§ Exercise description:
When you reach the line that contains "No Colégio Piedade, após", begin copying exactly, and continue through the last line of the data; no pictures belong in the copy.

§ Supplied material:
○ ○ ○ ○ ○ ○ ○
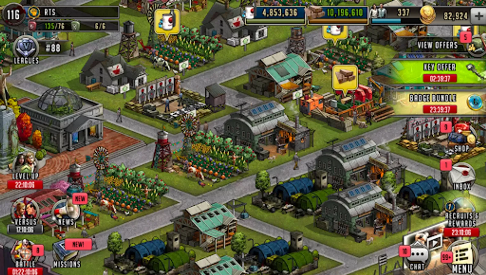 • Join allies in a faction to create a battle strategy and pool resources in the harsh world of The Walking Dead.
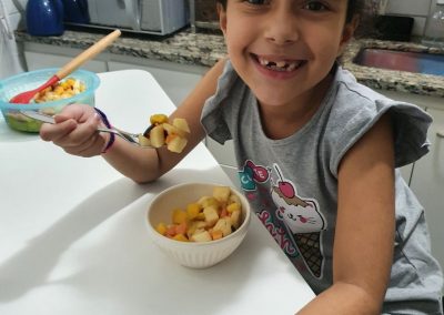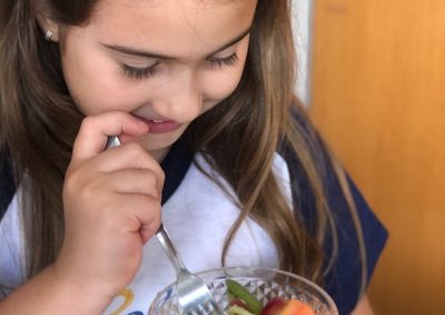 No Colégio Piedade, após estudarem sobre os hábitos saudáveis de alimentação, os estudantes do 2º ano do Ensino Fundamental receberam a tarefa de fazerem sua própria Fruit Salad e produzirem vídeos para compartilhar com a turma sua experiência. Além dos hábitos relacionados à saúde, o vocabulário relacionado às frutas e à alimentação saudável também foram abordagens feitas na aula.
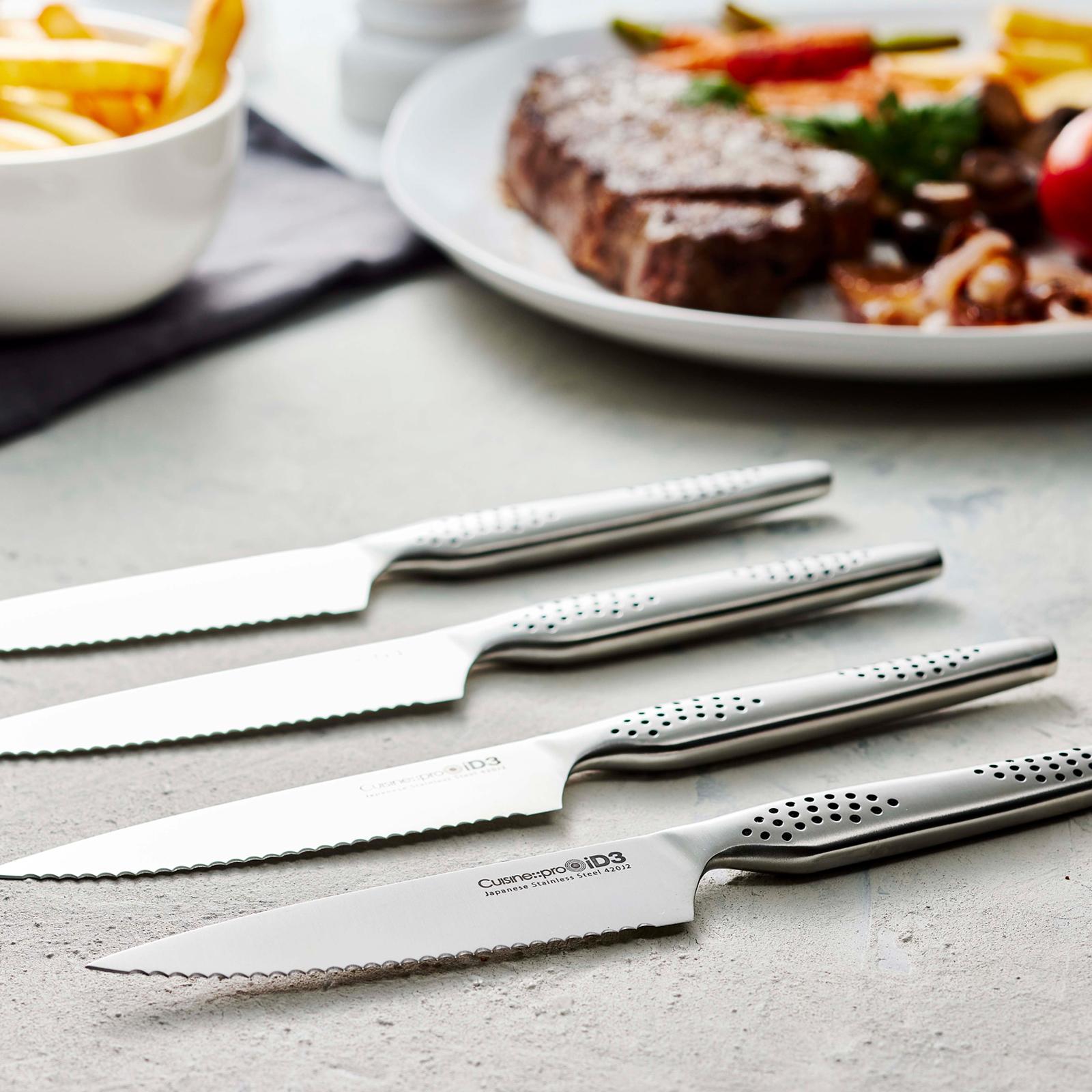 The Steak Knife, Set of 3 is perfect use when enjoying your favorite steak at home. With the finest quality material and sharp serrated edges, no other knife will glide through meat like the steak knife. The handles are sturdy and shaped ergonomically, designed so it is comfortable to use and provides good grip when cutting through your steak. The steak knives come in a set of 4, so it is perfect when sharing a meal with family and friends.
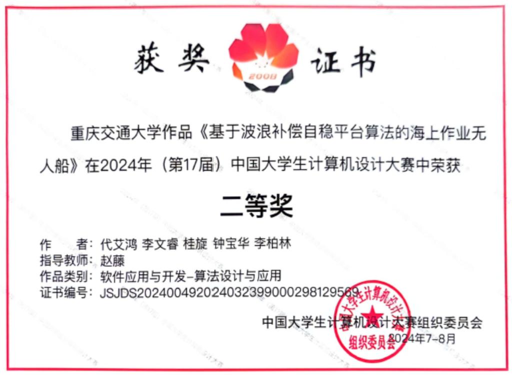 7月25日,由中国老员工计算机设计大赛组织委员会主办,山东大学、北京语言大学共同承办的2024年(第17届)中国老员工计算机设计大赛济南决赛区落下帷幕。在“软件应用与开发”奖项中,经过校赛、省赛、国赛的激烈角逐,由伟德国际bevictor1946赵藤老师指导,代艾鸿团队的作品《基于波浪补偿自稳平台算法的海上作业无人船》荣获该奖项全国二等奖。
○ ○ ○ ○ ○ ○ ○
§ Worked solution:
 No Colégio Piedade, após estudarem sobre os hábitos saudáveis de alimentação, os estudantes do 2º ano do Ensino Fundamental receberam a tarefa de fazerem sua própria Fruit Salad e produzirem vídeos para compartilhar com a turma sua experiência. Além dos hábitos relacionados à saúde, o vocabulário relacionado às frutas e à alimentação saudável também foram abordagens feitas na aula.
 The Steak Knife, Set of 3 is perfect use when enjoying your favorite steak at home. With the finest quality material and sharp serrated edges, no other knife will glide through meat like the steak knife. The handles are sturdy and shaped ergonomically, designed so it is comfortable to use and provides good grip when cutting through your steak. The steak knives come in a set of 4, so it is perfect when sharing a meal with family and friends.
 7月25日,由中国老员工计算机设计大赛组织委员会主办,山东大学、北京语言大学共同承办的2024年(第17届)中国老员工计算机设计大赛济南决赛区落下帷幕。在“软件应用与开发”奖项中,经过校赛、省赛、国赛的激烈角逐,由伟德国际bevictor1946赵藤老师指导,代艾鸿团队的作品《基于波浪补偿自稳平台算法的海上作业无人船》荣获该奖项全国二等奖。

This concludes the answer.